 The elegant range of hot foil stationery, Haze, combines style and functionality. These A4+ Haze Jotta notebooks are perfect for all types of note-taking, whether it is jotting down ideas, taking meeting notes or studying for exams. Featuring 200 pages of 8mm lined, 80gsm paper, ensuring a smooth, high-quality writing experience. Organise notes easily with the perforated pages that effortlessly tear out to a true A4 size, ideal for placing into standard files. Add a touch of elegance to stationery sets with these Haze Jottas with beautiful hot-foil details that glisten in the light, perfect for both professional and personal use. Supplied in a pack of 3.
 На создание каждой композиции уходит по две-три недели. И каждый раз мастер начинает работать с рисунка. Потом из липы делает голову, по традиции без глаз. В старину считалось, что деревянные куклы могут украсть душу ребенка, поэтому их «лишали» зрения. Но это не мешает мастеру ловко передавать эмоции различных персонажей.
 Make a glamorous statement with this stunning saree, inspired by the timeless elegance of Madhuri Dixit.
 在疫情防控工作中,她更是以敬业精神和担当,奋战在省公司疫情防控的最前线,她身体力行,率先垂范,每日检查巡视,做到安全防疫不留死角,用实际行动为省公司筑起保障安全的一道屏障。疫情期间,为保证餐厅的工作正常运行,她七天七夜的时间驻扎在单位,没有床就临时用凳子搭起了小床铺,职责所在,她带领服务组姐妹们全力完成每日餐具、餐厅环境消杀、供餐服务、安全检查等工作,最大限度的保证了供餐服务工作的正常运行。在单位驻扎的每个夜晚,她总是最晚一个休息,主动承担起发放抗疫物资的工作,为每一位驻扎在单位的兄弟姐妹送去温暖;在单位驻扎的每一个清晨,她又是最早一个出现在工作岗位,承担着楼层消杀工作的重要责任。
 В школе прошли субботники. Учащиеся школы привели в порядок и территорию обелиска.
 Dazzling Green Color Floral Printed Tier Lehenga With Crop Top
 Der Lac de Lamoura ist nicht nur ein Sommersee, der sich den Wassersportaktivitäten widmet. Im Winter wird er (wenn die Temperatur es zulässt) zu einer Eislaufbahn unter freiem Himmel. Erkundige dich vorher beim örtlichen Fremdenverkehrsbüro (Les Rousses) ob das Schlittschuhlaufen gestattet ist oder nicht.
==
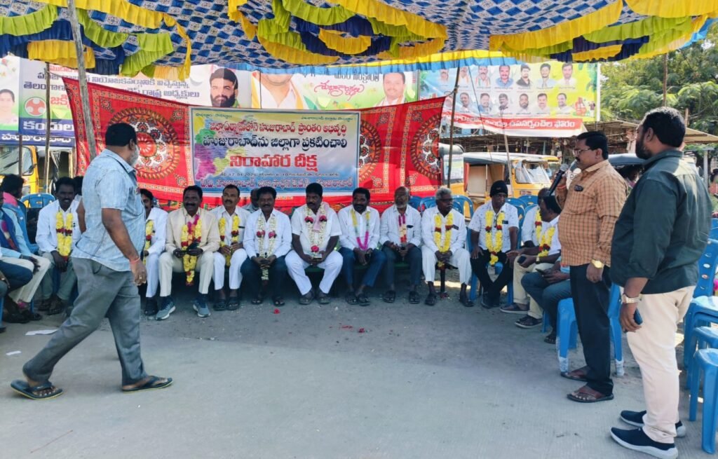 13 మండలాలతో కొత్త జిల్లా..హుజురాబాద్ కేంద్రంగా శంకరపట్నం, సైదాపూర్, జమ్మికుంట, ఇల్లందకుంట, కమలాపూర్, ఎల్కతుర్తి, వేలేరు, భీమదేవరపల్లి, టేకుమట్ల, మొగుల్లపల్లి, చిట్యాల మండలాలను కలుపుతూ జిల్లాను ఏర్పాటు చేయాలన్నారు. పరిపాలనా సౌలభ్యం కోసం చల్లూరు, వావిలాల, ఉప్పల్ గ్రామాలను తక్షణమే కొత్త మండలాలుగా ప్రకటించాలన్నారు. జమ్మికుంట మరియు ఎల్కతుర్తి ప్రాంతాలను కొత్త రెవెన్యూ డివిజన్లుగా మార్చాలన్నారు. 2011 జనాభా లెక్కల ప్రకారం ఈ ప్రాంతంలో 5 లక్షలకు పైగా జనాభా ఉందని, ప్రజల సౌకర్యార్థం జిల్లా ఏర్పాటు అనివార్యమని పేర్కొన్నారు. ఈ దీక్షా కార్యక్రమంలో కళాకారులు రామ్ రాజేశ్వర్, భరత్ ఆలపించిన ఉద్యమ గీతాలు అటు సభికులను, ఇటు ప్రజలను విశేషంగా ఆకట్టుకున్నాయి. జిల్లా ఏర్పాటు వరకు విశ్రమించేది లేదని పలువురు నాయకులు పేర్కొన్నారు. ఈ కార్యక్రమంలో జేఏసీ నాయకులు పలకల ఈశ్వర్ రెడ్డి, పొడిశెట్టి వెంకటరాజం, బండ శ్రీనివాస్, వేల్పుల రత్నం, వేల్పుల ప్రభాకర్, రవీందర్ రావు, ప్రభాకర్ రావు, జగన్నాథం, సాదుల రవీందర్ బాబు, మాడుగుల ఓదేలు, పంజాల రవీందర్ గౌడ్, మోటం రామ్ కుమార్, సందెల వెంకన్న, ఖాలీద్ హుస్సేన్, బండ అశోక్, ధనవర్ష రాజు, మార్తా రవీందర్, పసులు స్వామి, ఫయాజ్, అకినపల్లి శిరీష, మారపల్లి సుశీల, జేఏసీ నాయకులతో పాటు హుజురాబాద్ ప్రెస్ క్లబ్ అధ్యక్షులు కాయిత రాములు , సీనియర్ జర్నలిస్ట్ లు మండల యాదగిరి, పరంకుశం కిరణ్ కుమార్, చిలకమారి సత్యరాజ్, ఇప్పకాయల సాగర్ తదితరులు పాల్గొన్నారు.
* * *
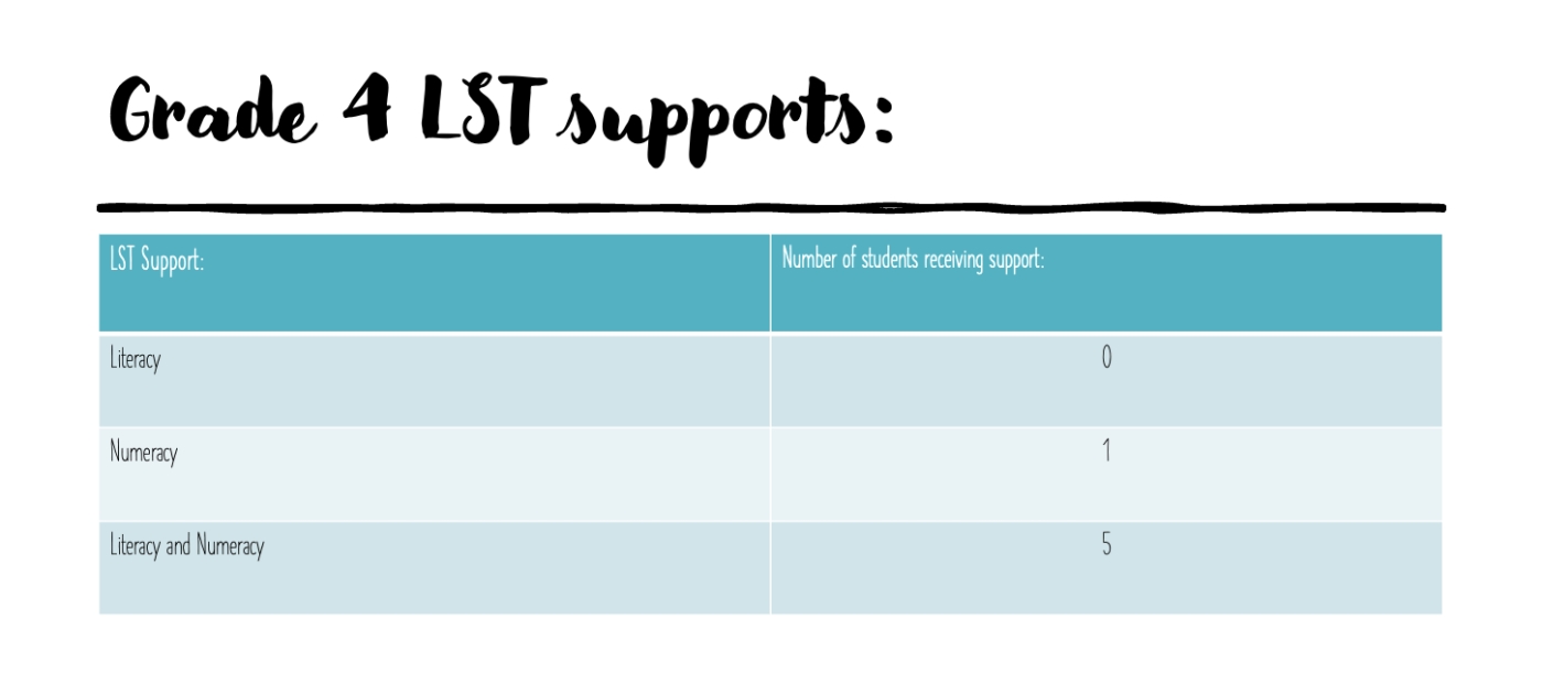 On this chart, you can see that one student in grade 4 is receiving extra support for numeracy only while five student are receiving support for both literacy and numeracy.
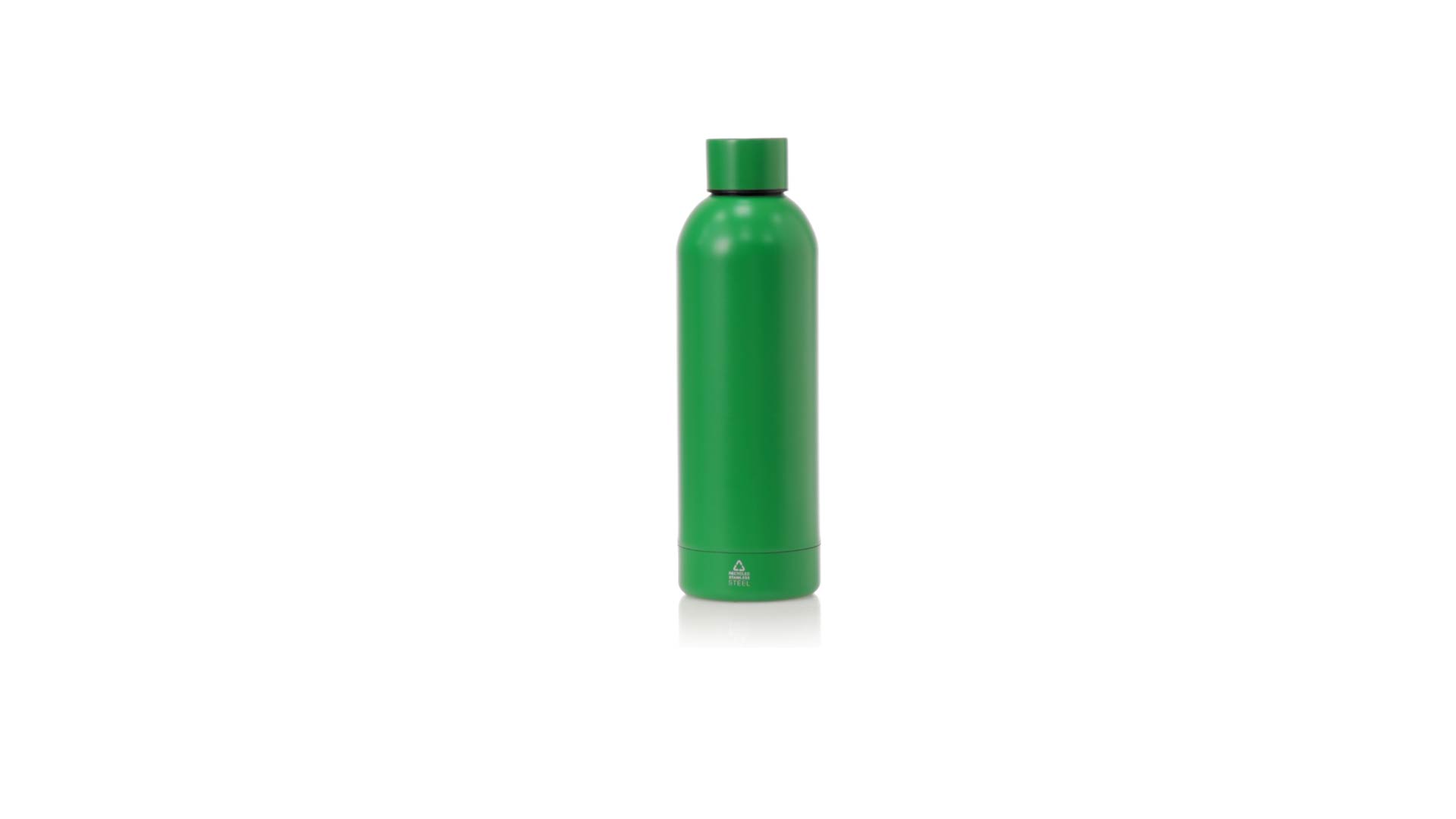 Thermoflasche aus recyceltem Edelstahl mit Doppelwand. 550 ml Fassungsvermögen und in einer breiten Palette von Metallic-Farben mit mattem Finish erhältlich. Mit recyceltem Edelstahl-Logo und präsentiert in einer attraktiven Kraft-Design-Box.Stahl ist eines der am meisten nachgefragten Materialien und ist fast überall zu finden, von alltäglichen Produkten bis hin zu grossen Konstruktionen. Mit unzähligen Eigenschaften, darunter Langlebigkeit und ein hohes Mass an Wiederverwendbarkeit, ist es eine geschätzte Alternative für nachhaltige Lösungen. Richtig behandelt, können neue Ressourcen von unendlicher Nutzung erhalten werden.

[TASK REQUIREMENTS] Take the stretch of lines above from the one containing "在疫情防控工作中,她更是以敬" through the one containing "Der Lac de Lamoura" and repeat it exactly, adding no other line.

[SOLUTION]
 在疫情防控工作中,她更是以敬业精神和担当,奋战在省公司疫情防控的最前线,她身体力行,率先垂范,每日检查巡视,做到安全防疫不留死角,用实际行动为省公司筑起保障安全的一道屏障。疫情期间,为保证餐厅的工作正常运行,她七天七夜的时间驻扎在单位,没有床就临时用凳子搭起了小床铺,职责所在,她带领服务组姐妹们全力完成每日餐具、餐厅环境消杀、供餐服务、安全检查等工作,最大限度的保证了供餐服务工作的正常运行。在单位驻扎的每个夜晚,她总是最晚一个休息,主动承担起发放抗疫物资的工作,为每一位驻扎在单位的兄弟姐妹送去温暖;在单位驻扎的每一个清晨,她又是最早一个出现在工作岗位,承担着楼层消杀工作的重要责任。
 В школе прошли субботники. Учащиеся школы привели в порядок и территорию обелиска.
 Dazzling Green Color Floral Printed Tier Lehenga With Crop Top
 Der Lac de Lamoura ist nicht nur ein Sommersee, der sich den Wassersportaktivitäten widmet. Im Winter wird er (wenn die Temperatur es zulässt) zu einer Eislaufbahn unter freiem Himmel. Erkundige dich vorher beim örtlichen Fremdenverkehrsbüro (Les Rousses) ob das Schlittschuhlaufen gestattet ist oder nicht.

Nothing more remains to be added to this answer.